Additionally, California has an important public policy interest in ensuring that gaming licenses are not issued to persons or entities that have engaged in any form of unlawful or unauthorized gaming. It is crucial that any internet poker bill protect this public policy interest in order to instill public trust and confidence in the integrity, fairness, and legitimacy of state-sanctioned internet poker. This public trust was undermined by unscrupulous entities and brands that, according to a 2011 indictment by the United States Department of Justice, accepted bets in violation of U.S. laws and defrauded poker players of over $300 million.
Just a few years ago, three major online poker operators – Absolute Poker, Full Tilt Poker, and PokerStars – had their websites seized and shut down by the FBI on allegations that, from at least November 2006 through March 2011, those operators violated the Unlawful Internet Gambling Enforcement Act (UIGEA) and the Illegal Gambling Business Act. Each of those firms continued to grow their companies and their brands by unlawfully accepting bets from U.S. players after December 31, 2006, the effective date of the UIGEA. Criminal indictments were handed down against certain owners and senior officers. In the end, these presumed violators negotiated a settlement with the U.S. Government for $731 million, rather than risk the looming possibility of criminal convictions – which certainly would have prevented those firms from obtaining gaming licenses in U.S. jurisdictions.

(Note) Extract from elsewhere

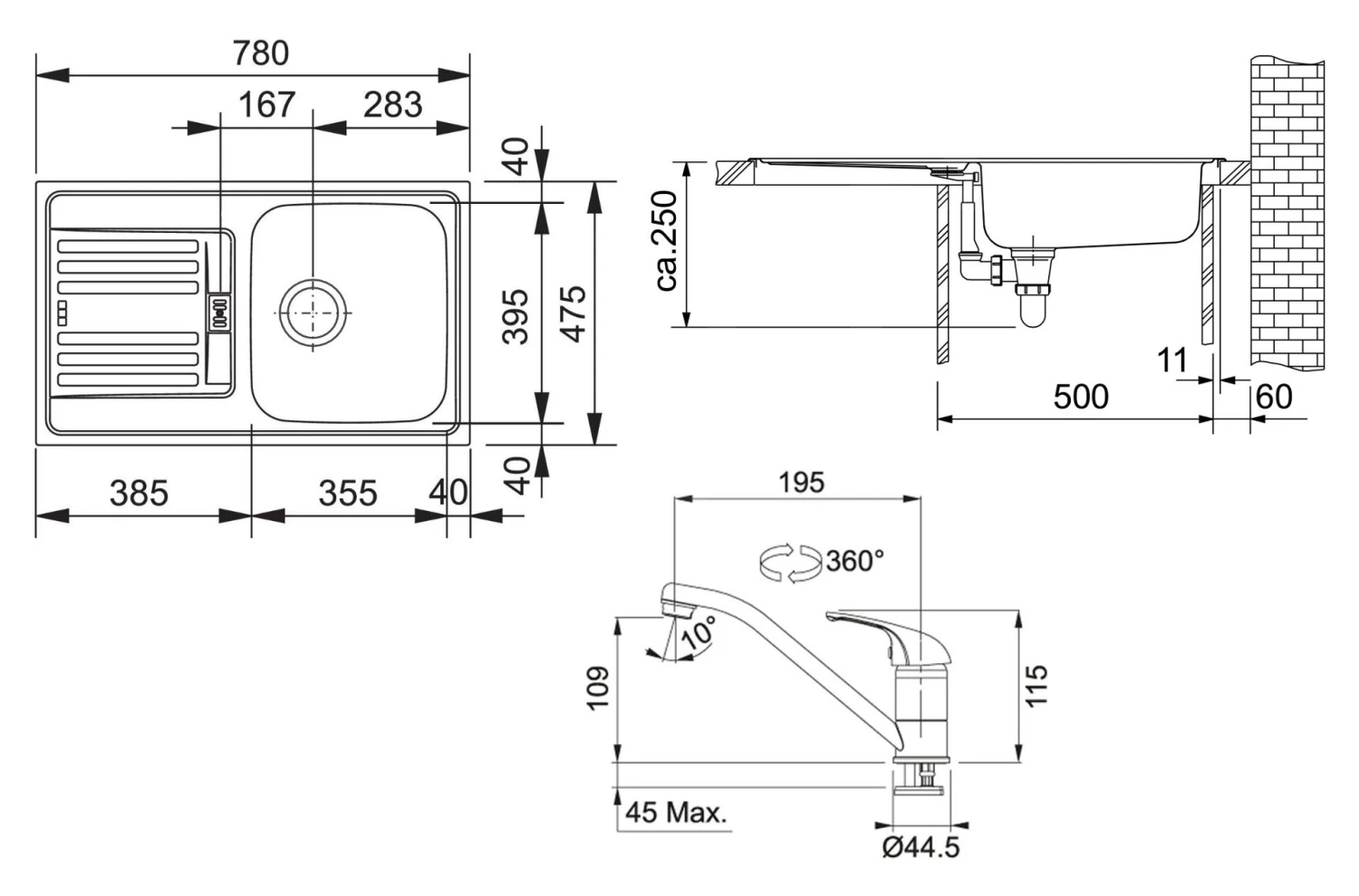 - Spoelbak: 355 × 395 × 150 mm

It is instructive that the State of Nevada, which is widely recognized as a leader in the regulation of gambling, also included a bad actor clause in its internet poker statutes. Specifically, Nevada created the classification of “covered assets” meaning, “any tangible or intangible asset specifically designed for use in, and used in connection with, the operation of an interactive gaming facility that, after December 31, 2006, knowingly and intentionally operated interactive gaming involving patrons located in the United States.”

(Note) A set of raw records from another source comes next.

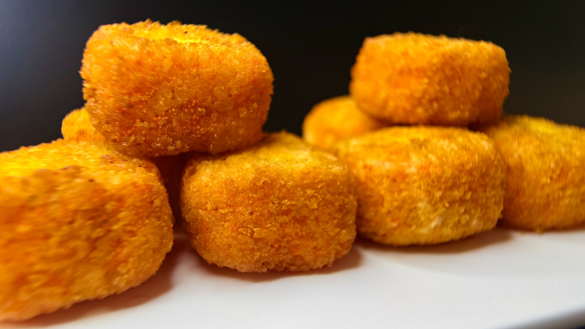 лосось охлажденный, авокадо, сыр творожный крем-чиз, икра масаго, сверху: кляр, сухари панированные. вес: 270 грамм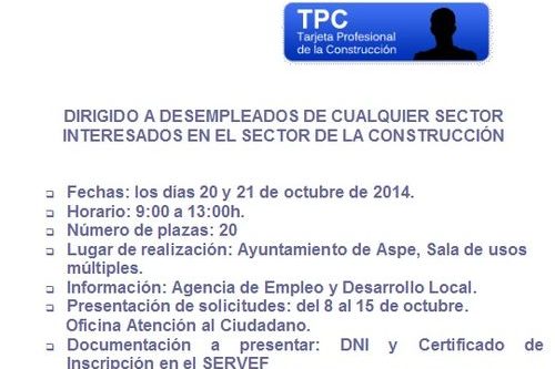 De 20 horas, que impartirá la fundación laboral de la construcción del 25 al 29 de enero de 2016.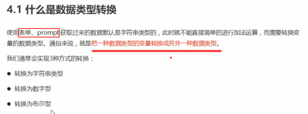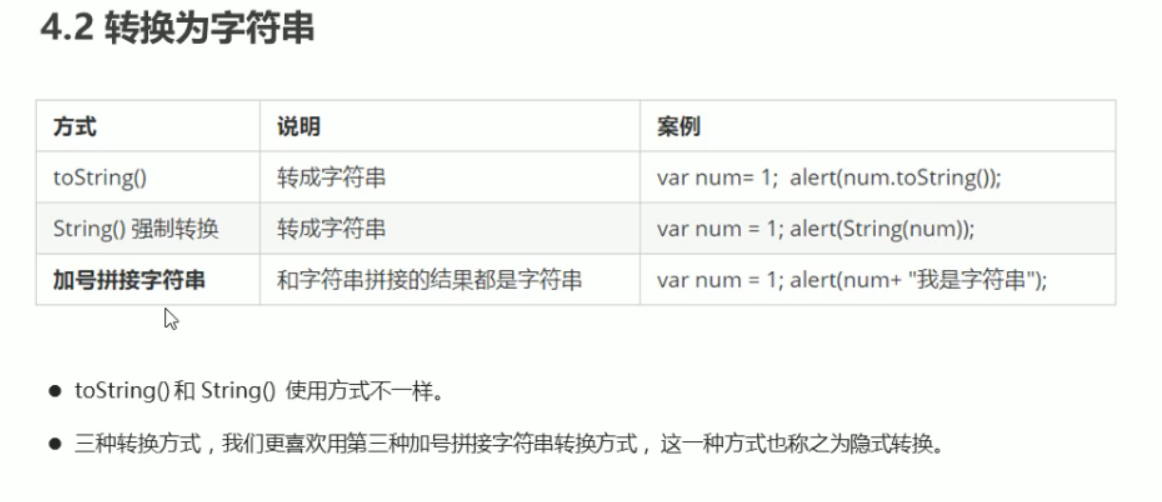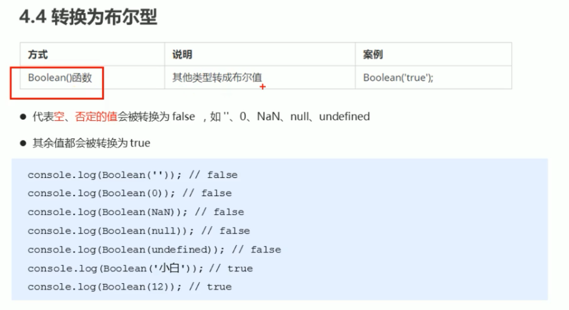 | Boolean( )函数 | 其他类型转成布尔值 | Boolean('true');|

The citizens of California deserve protection from bad actors. The language proposed in AB 167 is not sufficient to protect the integrity of the California market. As proposed, AB 167 provides no such protection, and instead would reward those gaming corporations that acted inconsistent with federal law and the letter of California law by authorizing them to use the fruits of their illegal conduct to obtain a license in California. It bears emphasis that the tribes working with you on AB 167 were ALL formally and publicly in favor of the inclusion of a bad actor clause in internet poker legislation until they entered into a business relationship with one of those presumed violators, and its successor corporation.
Our Tribal Governments have invested many hundreds of millions of dollars in brick-and-mortar operations that create tens of thousands of jobs for Californians. We did so in reliance on the rights granted by the people of California and the compacts we have negotiated with the State in the exercise of those rights. Legislation like AB 167 – which could threaten these rights, these substantial investments, and so bitterly divide California Tribes – should not move forward solely for the sake of supporting a business model that might possibly benefit a few tribes in the short term, to the certain and permanent detriment of all other tribes, not to mention, the citizens of California.
Respectfully, we urge you not to pursue AB 167, or any similar measure, which, for the reasons referenced above, is in our view fatally flawed.